What is a science topic and what it not?

I have been learning about Science and the Media in my science communication units.

I have learnt about blogging, scripting, podcasting, filming, interviewing, making documentaries and media releases.

From the lectures, I can see how important it is for science communicators to know how to use media for science.

In general, you really have to know about the topic before you can tell the stories to someone in an understandable way,

So, to tell the science in an understandable way, I have to know about science before I talk.

However, the question came to my mind:

What is Science?

According to the Oxford dictionary, “science is knowledge about the structure and behavior of the natural and physical world, based on facts that you can prove, for example by experiments.”

In this case, if you cannot prove it by experiments, it is NOT science.

So, even though people believe in something if it cannot be proven by experiments, it is not science. Therefore, God is not science (I am not saying that God does not exist.  Many of my great friends believe in God and people actually say “Oh my god” even though they do not believe God.)

However, is this why I do not see many science magazines which talk about God?

There are varieties of subjects related to science, and whatpeople are interested in is different depending in the individual.  For example, I am more interested in biology, while my sister is more interested in the stars.  I think this is why there are so many types of magazines.  Although, are they really talking about science?  Isn’t it they just what they claim it to be science so that people pay attention?

Knowing about the audience is also important before you talk about the topic so that you can explain it to them without any jargon, but do I have to tell the audience about topics which grab attention even though I
don’t think they are scientific?

How can I pick the right science topic without worrying too much about my audiences?

Please give me any ideas about what topic count as science and what don’t. 

Acknowledge: great thanks to Nancy LongneckerMiriam Sullivan , Jean, and everyone involved in science communication at UWA.

Image: God vs science. The situationist (2008) http://thesituationist.wordpress.com/2008/12/17/the-situation-of-faith-in-god-or-science/god-versus-science-time-magazine-cover/


16 comments on “What is a science topic and what it not?

  1. What an important topic to bring up Keiko. Myself being an anthropologist major find I am always having to justify that it is in fact a science. I’d like to think Science is anything that contributes to society in a tangible way, but I agree it does need to be testable. I like what this website http://www.aps.org/policy/statements/99_6.cfm has to say about the definition of science too.
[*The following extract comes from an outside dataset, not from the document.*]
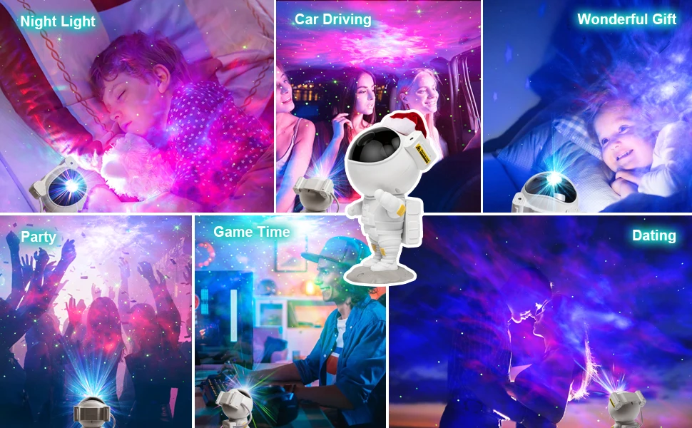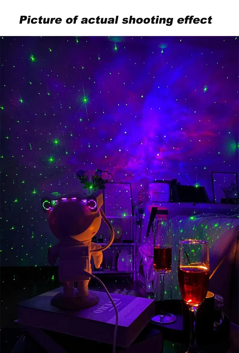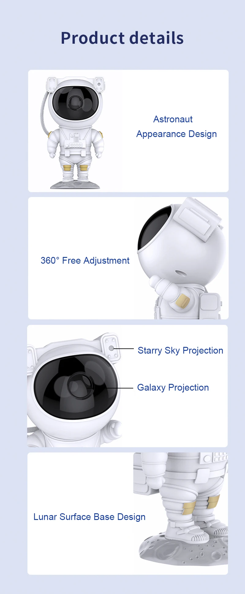⋆Astronaut дизайн⋆ Регулировка на 360 °Projection проекция звездного неба и проекция Галактики⋆Lunar поверхности базовый дизайн⋆Угол проекции может быть отрегулирован по желанию, который прост в использовании⋆Можно использовать как прожекторную лампу, но и как высококлассное украшение

    • I like the way of your thinking too. We are living in science but this means that science could be anything.
      Good website you found. As the website says; “science requires the open exchange of data, procedures and materials”, do you think science always have to be opened to evryone?
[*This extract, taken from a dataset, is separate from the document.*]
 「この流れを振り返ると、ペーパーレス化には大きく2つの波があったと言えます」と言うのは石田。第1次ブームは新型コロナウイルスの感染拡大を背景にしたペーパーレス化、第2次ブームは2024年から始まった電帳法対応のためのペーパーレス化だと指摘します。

  2. I agree with Rosanna that you have brought up an interesting topic as well as a significant issue which science communicators face, when bringing theory into practice.
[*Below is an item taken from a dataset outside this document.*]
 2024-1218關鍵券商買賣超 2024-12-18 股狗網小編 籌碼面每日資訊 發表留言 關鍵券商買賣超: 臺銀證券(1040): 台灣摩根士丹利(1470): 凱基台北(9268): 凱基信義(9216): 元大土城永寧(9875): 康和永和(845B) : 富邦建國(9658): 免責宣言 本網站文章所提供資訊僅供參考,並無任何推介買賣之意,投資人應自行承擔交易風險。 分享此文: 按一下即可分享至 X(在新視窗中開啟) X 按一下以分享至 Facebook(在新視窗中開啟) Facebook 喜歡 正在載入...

    You are right, I believe, that as a science communicator you should be familiar with the science that you try to communicate to others. This requirement will almost automatically distinguish science communicators with differences in expertise and background from each other. Most likely, these different science communicators all have different interests and urges to address specific issues in society that the wider public would/could be interested in. And with their expertise and background they are justified to communicate these issues.

    But I would think that these issues may not always have to represent core science topic, they may be issues that can be looked at from a different perspective if science is brought into the communication of the topic. We, as science communicators, could contribute significantly to a better overall understanding of issues in society by emphasising the underlying science or its implications. This angle will avoid the dilemma of deciding whether a topic is science or not, it will brings science into many contemporary issues to enhance their broader significance.

  3. Hi Keiko,
    What an interesting topic. I also find it hard to communicate science, I feel like I have to ‘know’ everything about the topic to even have a right to bring it up. That’s why I don’t like to express my opinion very often, or I simply don’t make an opinion very easily on science matters. It is impossible to know everything, before communicating, but I guess we just have to give fair merit to the science / scientist, and explain it in a logical way.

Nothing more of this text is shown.